Da Montalbano all’isola che non c’è fino ai coralli di Sciacca

proposito della Val di Noto: come tutti sanno, molti dei set in cui vengono girati gli episodi del commissario Montalbano si trovano proprio tra Scicli, Ragusa e Punta Secca, luoghi dove è stata ricreata l’immaginaria Vigata. Sempre a Vigata si svolgono le vicende di un altro bel romanzo di Camilleri, Un filo di fumo, nel quale si narra tra l’altro l’incredibile vicenda dell’isola Ferdinandea, apparsa e scomparsa, nel mare di fronte a Sciacca (Agrigento), nel 1831 a causa dell’eruzione di un vulcano

sottomarino. L’isolotto, che fu conteso da Inghilterra, Francia e Regno delle Due Sicilie, sommerso da allora, è divenuto l’habitat di una varietà di corallo unica al mondo, con la quale si realizzano preziosi monili. Ecco dunque un altro buon motivo per visitare questa località, una vera e propria cartolina con edifici dai colori pastello, che si riflettono nel mare punteggiato dai pescherecci, celebre anche per il suo carnevale, le sue ceramiche e le sue antiche mura normanne.

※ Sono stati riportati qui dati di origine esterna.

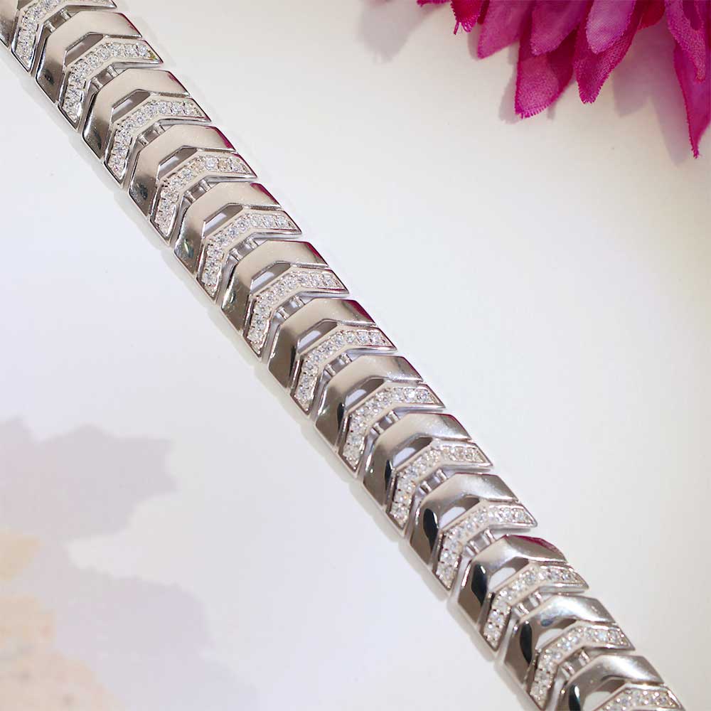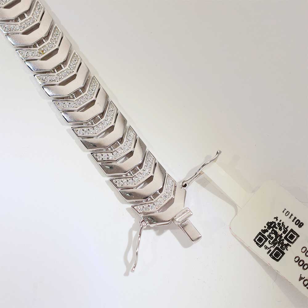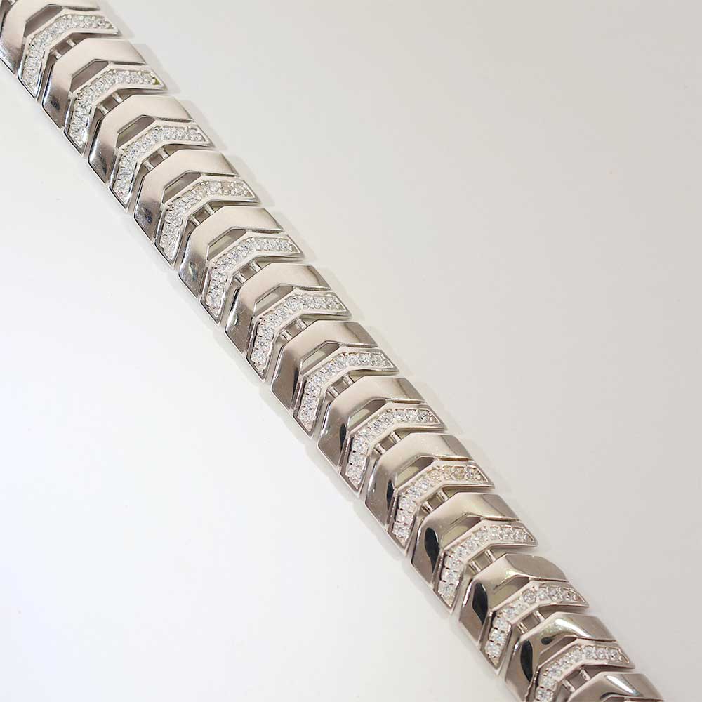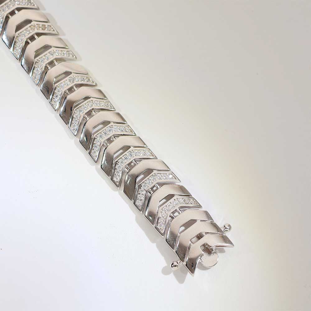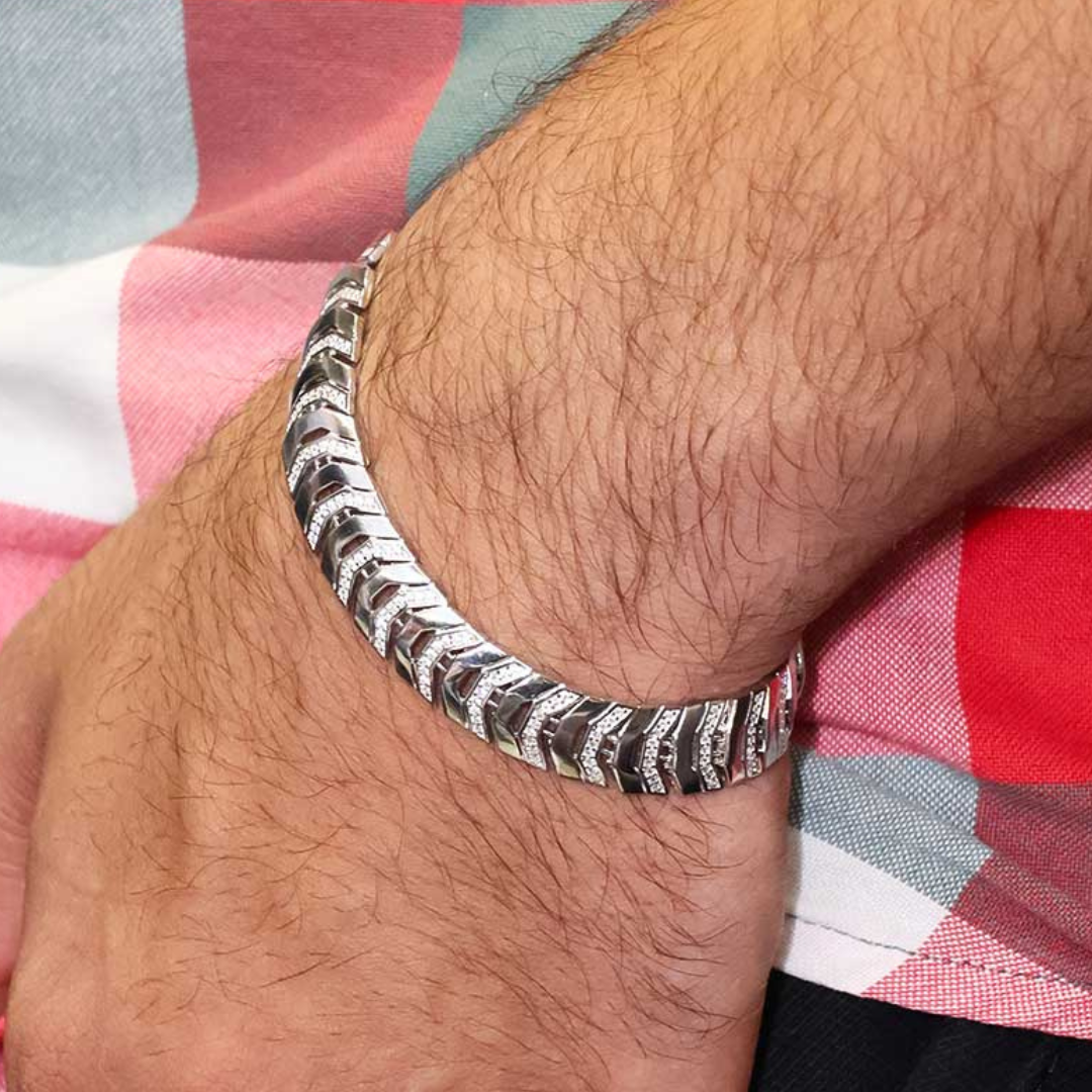 A sleek gents bracelet in rhodium 925 silver featuring V-track links and bright CZ accents for everyday class.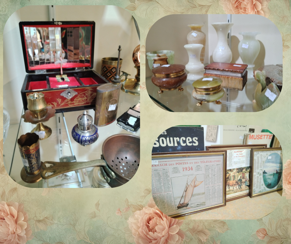 Découvrez notre sélection composée d'une boîte à musique ancienne, de vases et décorations en albâtre, de décorations en cuivre ainsi que des calendriers d'une autre époque, soigneusement exposés en vitrine.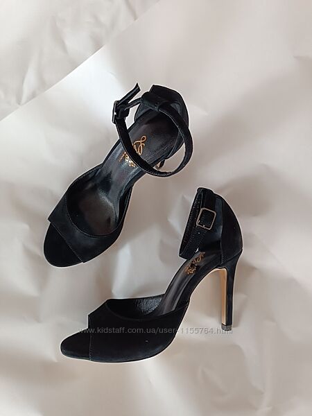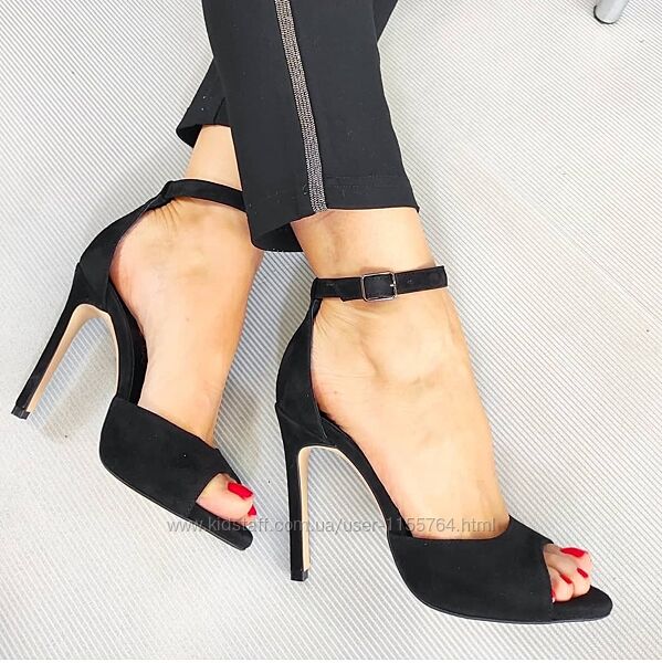 Неймовірно вишукані -босоніжки. Верх натуральна замша (велюр)всередині натуральна шкіра, чорний колір, під замовлення можуть бути інші кольори Підбори 9.5см, підійдуть моделі на середньої повноти стопи.Ціни від 2250грн
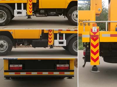 后伸:300mm;隨底盤選裝駕駛室;選裝吊鉤;側面防護及后下部防護裝置材料材質:Q235,連接方式:焊接加螺栓連接;后下部防護裝置斷面尺寸(寬贅?:30?00(mm),離地高度:350mm;ABS廠家及型號:襄陽東風隆誠機械有限責任公司/ABS/ASR-24V-4S/4M;主要專用裝置為折疊臂,用于搶修電力、通訊、路燈等高空作業.

La tradizione dei pupi e la lava dell’Etna

Tra gli emblemi dell’isola un altro vulcano, il maestoso Etna, da visitare assolutamente almeno una volta nella vita e restare senza fiato di fronte alla forza della natura. In zona, soprattutto a Giarre, Paternò e Acireale, è molto diffusa la lavorazione della pietra lavica con la quale, oltre a monili e oggetti, vengono realizzati tavoli, top di cucine, bagni, utensili, caratterizzati da un design che mescola tradizione e modernità, grazie anche al processo della ceramizzazione che rende la lava lucida e brillante. E ora Catania, con i suoi antichi palazzi e le sue piazze con le facciate in pietra nera: in questa accogliente città

piena di vita, di bar, di negozi, di pasticcerie, con un centro storico molto movimentato in cui ci si può dedicare allo shopping più classico così come alla ricerca di specialità gastronomiche o prodotti artigianali tradizionali, è ancora viva la tradizionale lavorazione dei “pupi” caratteristiche marionette originariamente realizzate in legno, poi in metallo, vestite con abiti preziosi, che sono state le protagoniste del teatro popolare siciliano sin dal 1700. Perché si chiamano così? Semplice, il nome viene direttamente dal latino pupus, cioè bambino, con chiaro riferimento alle dimensioni del manufatto.